_The data:_
§
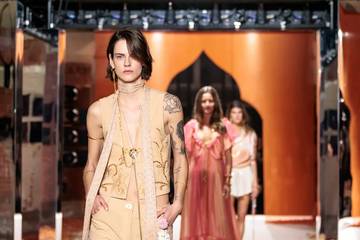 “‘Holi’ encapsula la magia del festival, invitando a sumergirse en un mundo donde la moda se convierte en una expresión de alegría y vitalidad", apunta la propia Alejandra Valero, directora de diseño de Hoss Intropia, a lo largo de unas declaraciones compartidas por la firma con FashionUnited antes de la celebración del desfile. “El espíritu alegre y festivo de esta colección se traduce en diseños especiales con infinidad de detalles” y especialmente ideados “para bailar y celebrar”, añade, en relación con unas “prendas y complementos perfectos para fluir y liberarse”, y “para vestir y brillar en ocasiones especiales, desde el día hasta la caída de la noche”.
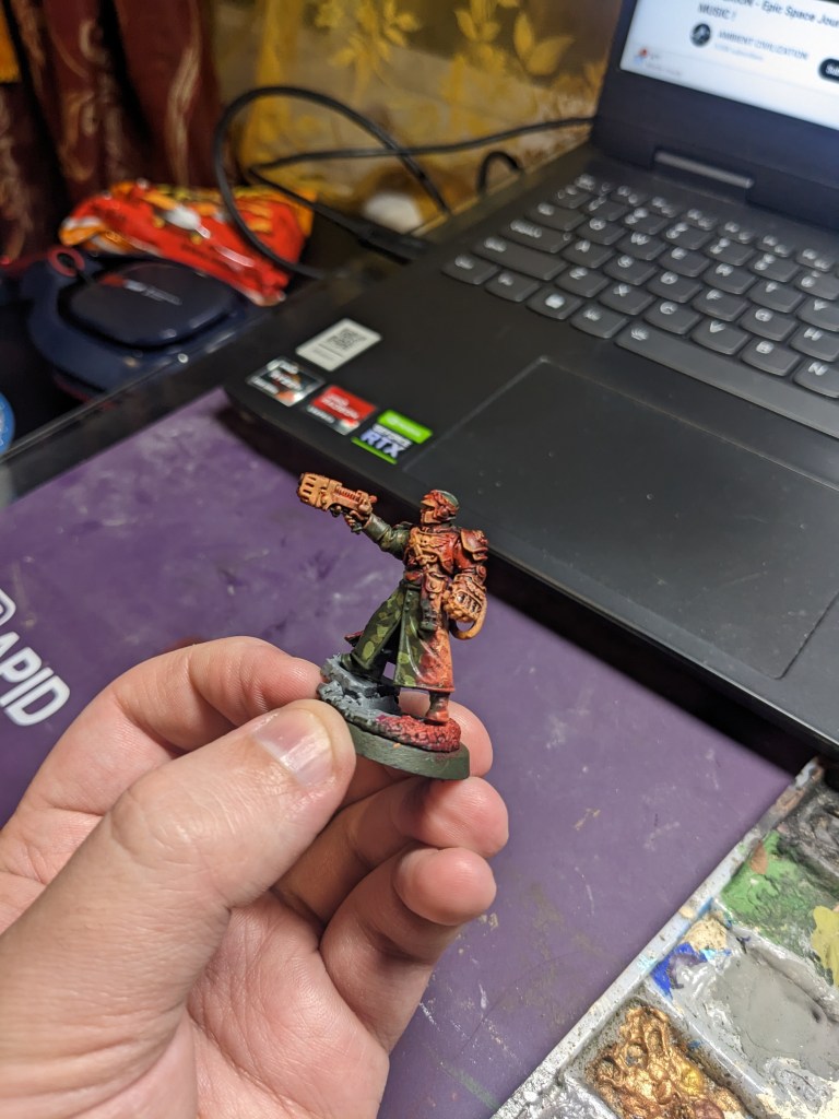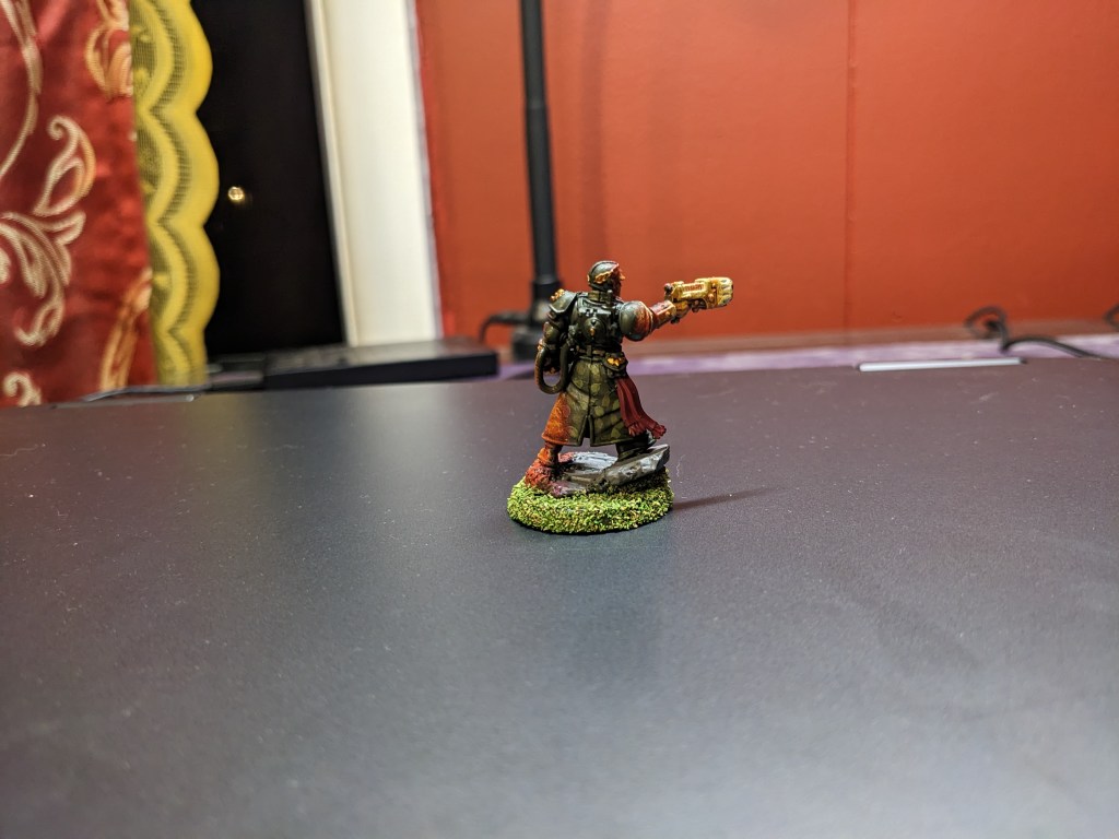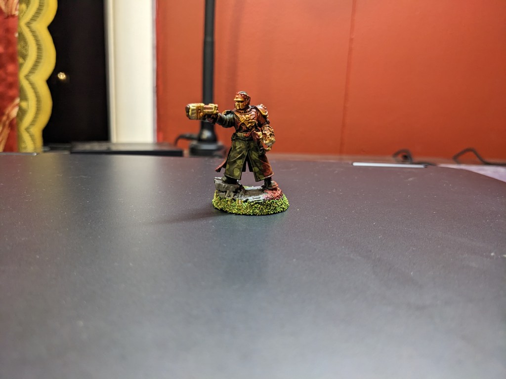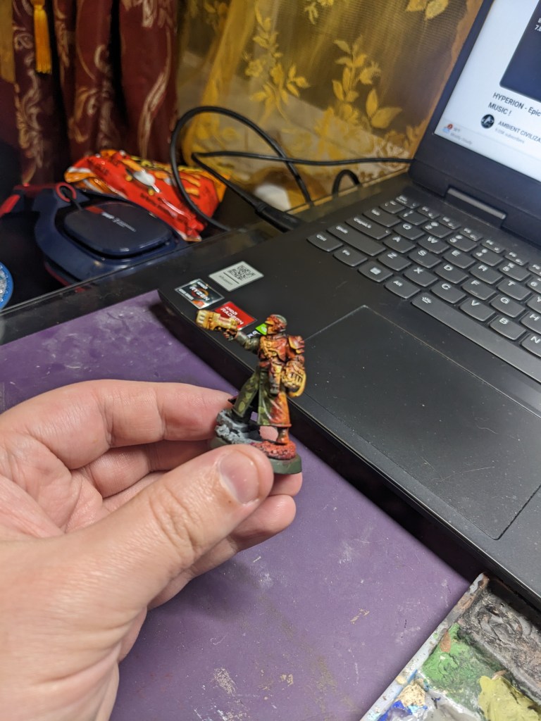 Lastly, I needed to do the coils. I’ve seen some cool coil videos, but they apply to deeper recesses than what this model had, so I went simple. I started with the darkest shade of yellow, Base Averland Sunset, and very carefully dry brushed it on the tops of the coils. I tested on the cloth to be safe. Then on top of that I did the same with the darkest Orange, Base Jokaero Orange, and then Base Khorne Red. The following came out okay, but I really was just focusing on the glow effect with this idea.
§
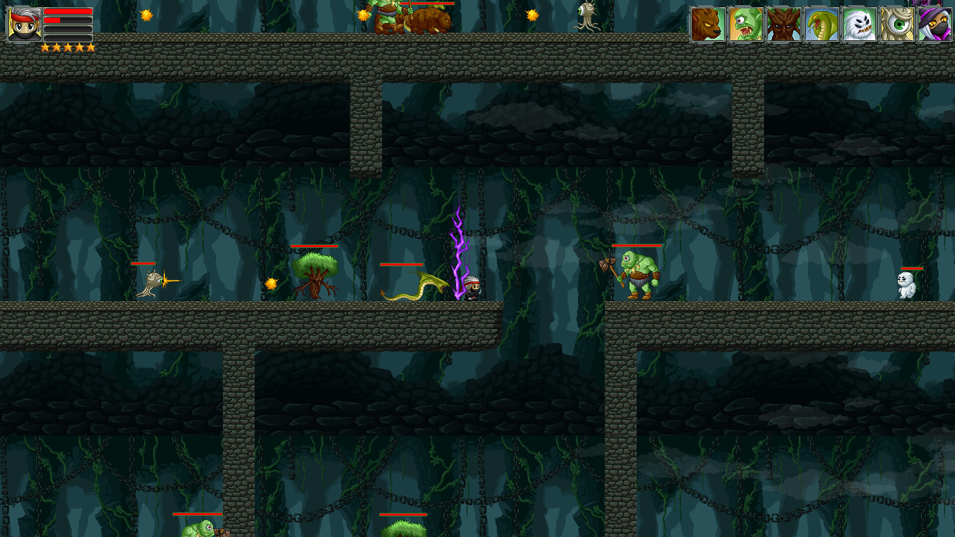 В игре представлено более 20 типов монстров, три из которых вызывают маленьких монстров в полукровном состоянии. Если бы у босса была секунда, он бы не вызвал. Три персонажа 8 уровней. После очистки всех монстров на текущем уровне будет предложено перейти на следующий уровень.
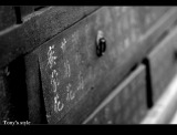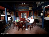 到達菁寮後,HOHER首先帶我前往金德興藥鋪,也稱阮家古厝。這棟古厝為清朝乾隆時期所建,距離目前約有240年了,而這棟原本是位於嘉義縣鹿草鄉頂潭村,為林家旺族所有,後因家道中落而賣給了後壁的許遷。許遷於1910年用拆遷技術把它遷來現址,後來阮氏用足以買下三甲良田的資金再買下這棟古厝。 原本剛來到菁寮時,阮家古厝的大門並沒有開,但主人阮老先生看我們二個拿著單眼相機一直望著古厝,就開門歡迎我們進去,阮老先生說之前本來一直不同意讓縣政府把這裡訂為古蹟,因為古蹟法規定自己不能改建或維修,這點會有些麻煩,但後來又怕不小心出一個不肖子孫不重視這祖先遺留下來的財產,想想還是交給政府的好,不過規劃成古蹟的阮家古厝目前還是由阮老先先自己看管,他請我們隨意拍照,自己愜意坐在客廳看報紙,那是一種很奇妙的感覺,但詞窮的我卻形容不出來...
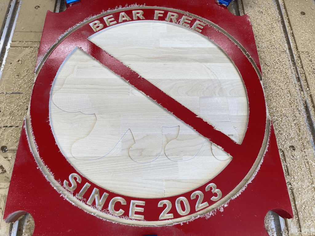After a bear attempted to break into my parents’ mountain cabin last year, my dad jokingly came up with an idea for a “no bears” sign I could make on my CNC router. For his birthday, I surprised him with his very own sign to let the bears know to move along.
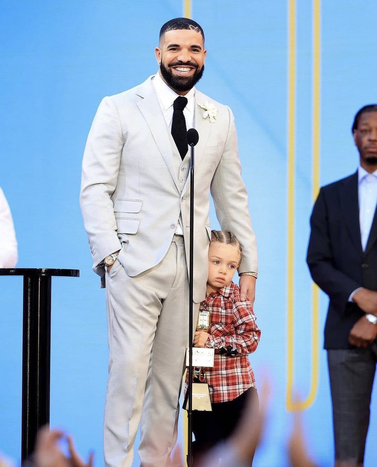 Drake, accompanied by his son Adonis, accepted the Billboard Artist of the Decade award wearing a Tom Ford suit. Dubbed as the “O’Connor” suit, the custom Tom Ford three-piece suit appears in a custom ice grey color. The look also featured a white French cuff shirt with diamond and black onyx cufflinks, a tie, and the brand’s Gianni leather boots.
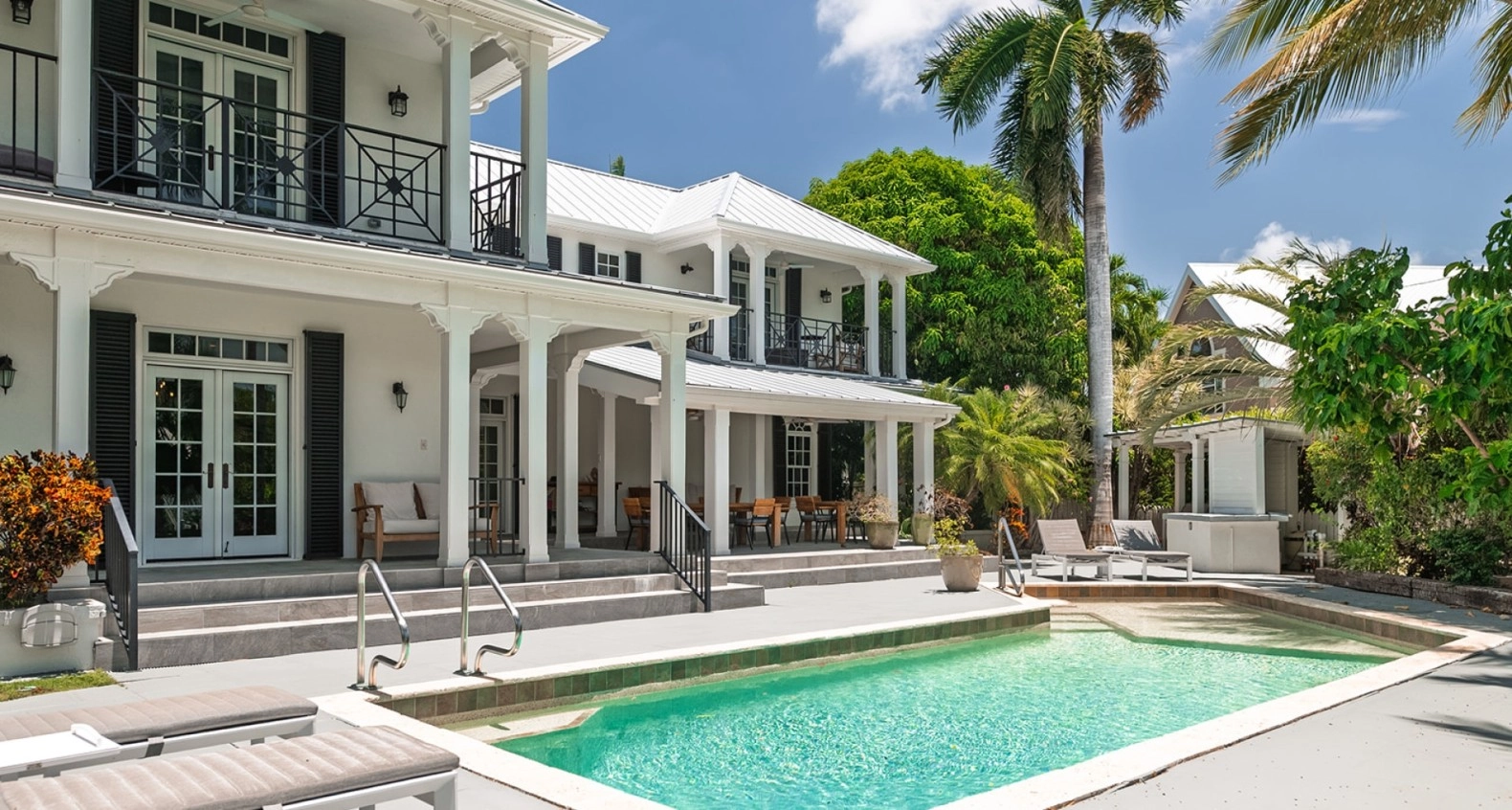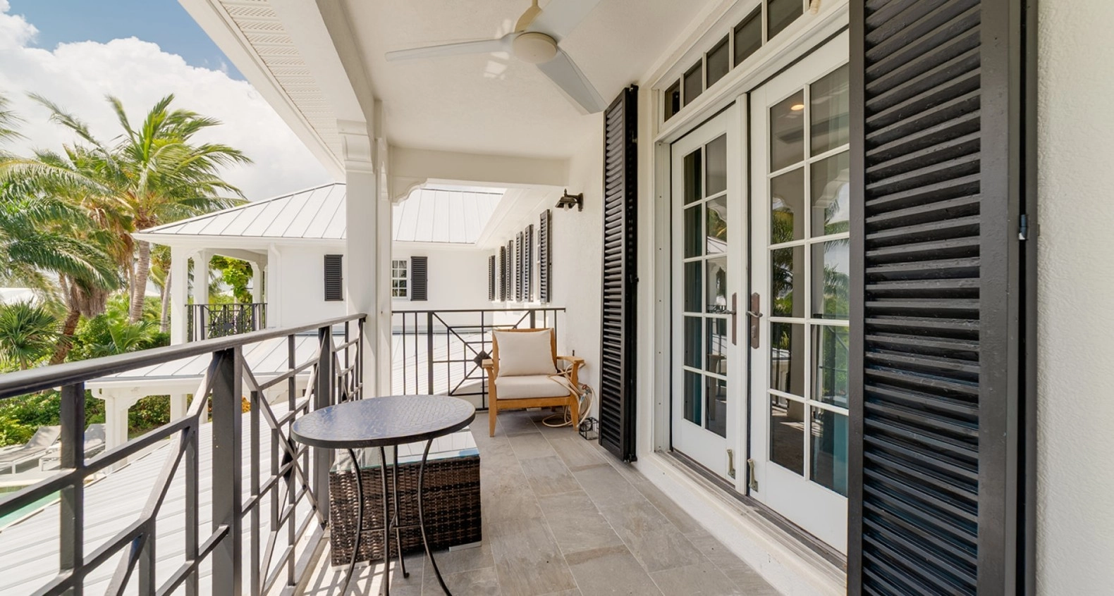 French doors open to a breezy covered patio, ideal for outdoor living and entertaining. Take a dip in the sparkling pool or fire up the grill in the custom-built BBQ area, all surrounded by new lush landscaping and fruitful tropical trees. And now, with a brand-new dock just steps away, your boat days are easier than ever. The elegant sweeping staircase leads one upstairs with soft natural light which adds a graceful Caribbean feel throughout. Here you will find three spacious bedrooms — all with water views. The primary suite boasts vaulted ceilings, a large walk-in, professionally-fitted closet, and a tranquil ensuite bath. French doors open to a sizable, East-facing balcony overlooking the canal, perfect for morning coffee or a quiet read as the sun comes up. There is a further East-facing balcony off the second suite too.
§
_What is needed:_ Only the lines of the listing above from the one with "Drake, accompanied by" through the one with "French doors open to a breezy" should be output, exactly, with both ends kept and pictures left out.

_Expected answer:_
 Drake, accompanied by his son Adonis, accepted the Billboard Artist of the Decade award wearing a Tom Ford suit. Dubbed as the “O’Connor” suit, the custom Tom Ford three-piece suit appears in a custom ice grey color. The look also featured a white French cuff shirt with diamond and black onyx cufflinks, a tie, and the brand’s Gianni leather boots.
 French doors open to a breezy covered patio, ideal for outdoor living and entertaining. Take a dip in the sparkling pool or fire up the grill in the custom-built BBQ area, all surrounded by new lush landscaping and fruitful tropical trees. And now, with a brand-new dock just steps away, your boat days are easier than ever. The elegant sweeping staircase leads one upstairs with soft natural light which adds a graceful Caribbean feel throughout. Here you will find three spacious bedrooms — all with water views. The primary suite boasts vaulted ceilings, a large walk-in, professionally-fitted closet, and a tranquil ensuite bath. French doors open to a sizable, East-facing balcony overlooking the canal, perfect for morning coffee or a quiet read as the sun comes up. There is a further East-facing balcony off the second suite too.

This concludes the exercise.